DATA BLOCK
------------------------------------------------

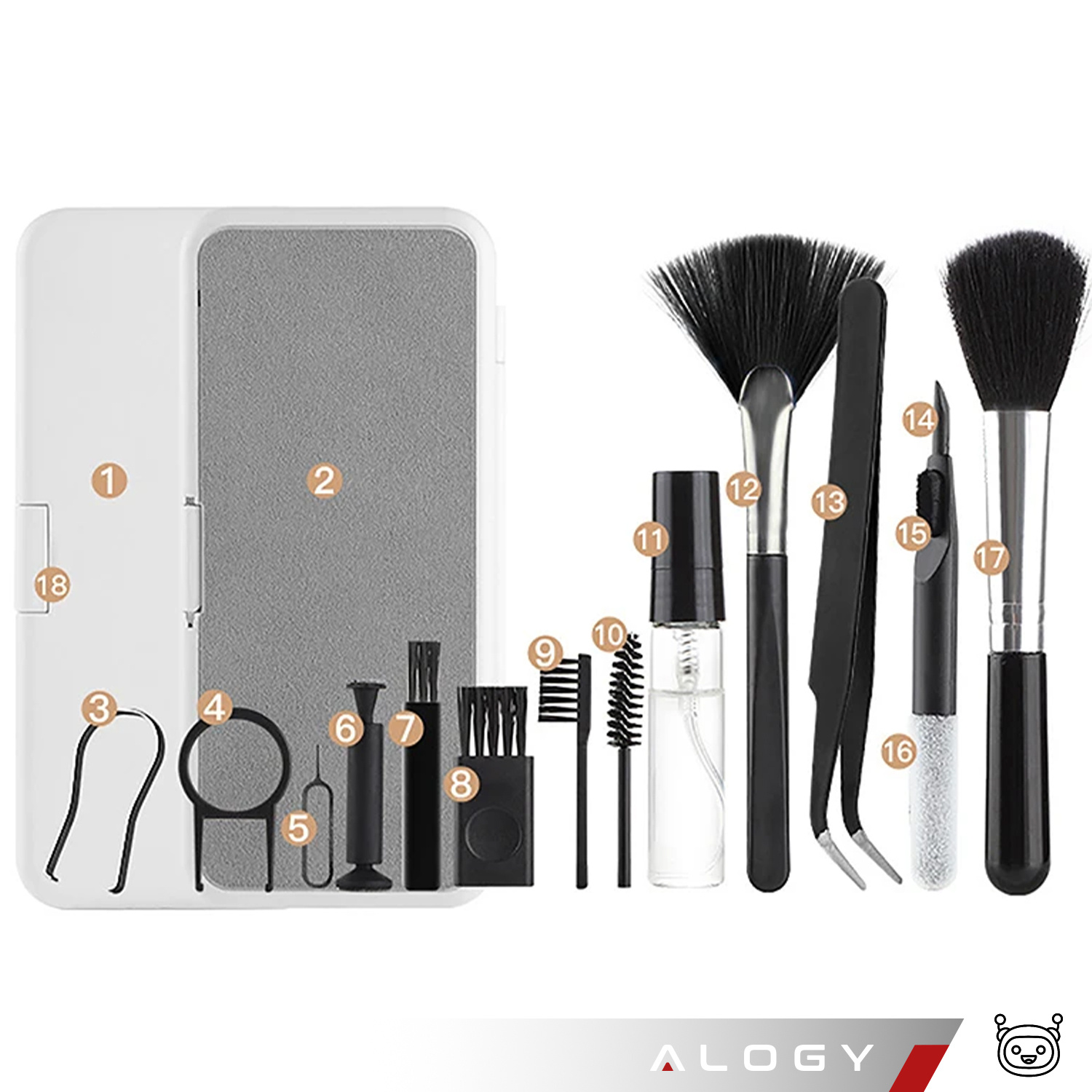 Das Reinigungsset Alogy Cleaner Set 18in1 für kleine Elektronikgeräte ist umfassend Lösung zum Sauberhalten verschiedener elektronischer Geräte an schwer zugänglichen Stellen, wie zum Beispiel: Telefone, Smartphones, Computer, Uhren, Kopfhörer, Lautsprecher, Kameras und Tastaturen.
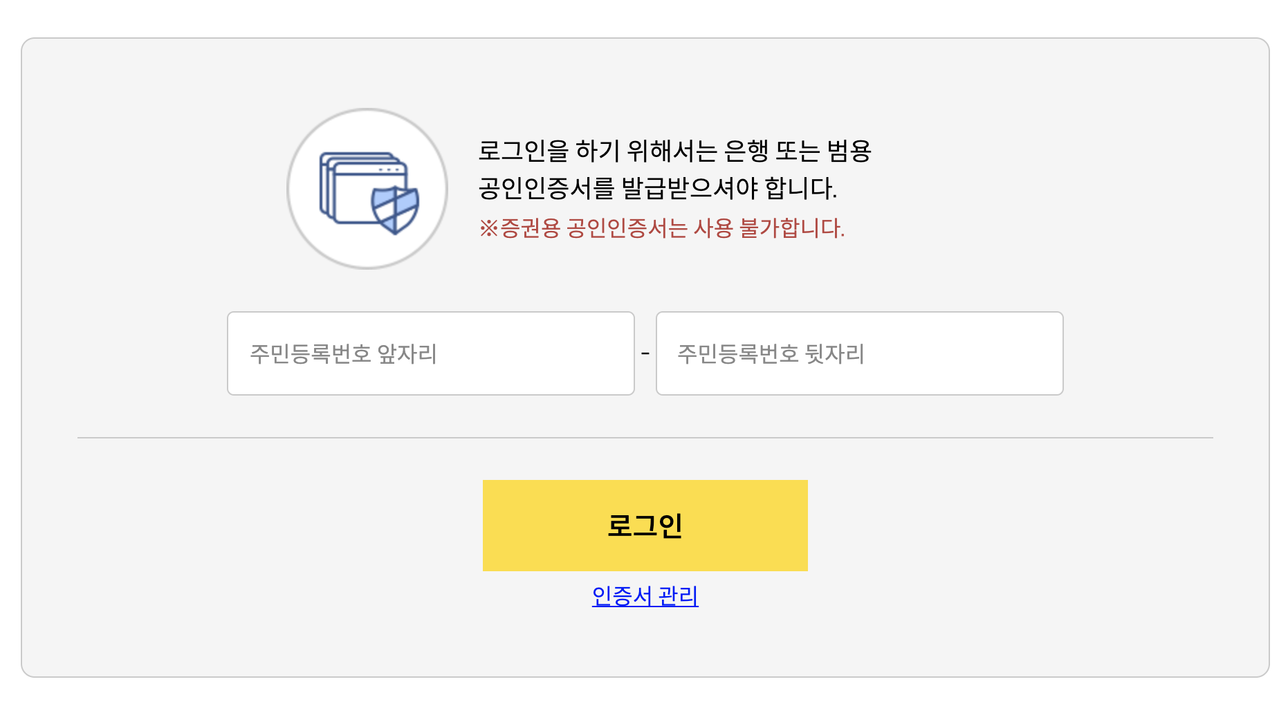 공인인증서를 통해 본인 확인을 해야 청약통장 가입기간 정보를 확인할 수 있습니다. 휴대폰에 설치되어 있는 공인인증서를 이용해 로그인을 해줍니다.
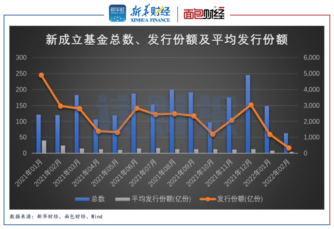 “虧錢效應”持續發酵下,2022年前兩月的公募基金成立數量持續下探。隨著增量資金減少,市場整體走勢或進一步受到影響。

------------------------------------------------

Repeat the material above verbatim, with no pictures in the output.

WRITTEN RESPONSE
 Das Reinigungsset Alogy Cleaner Set 18in1 für kleine Elektronikgeräte ist umfassend Lösung zum Sauberhalten verschiedener elektronischer Geräte an schwer zugänglichen Stellen, wie zum Beispiel: Telefone, Smartphones, Computer, Uhren, Kopfhörer, Lautsprecher, Kameras und Tastaturen.
 공인인증서를 통해 본인 확인을 해야 청약통장 가입기간 정보를 확인할 수 있습니다. 휴대폰에 설치되어 있는 공인인증서를 이용해 로그인을 해줍니다.
 “虧錢效應”持續發酵下,2022年前兩月的公募基金成立數量持續下探。隨著增量資金減少,市場整體走勢或進一步受到影響。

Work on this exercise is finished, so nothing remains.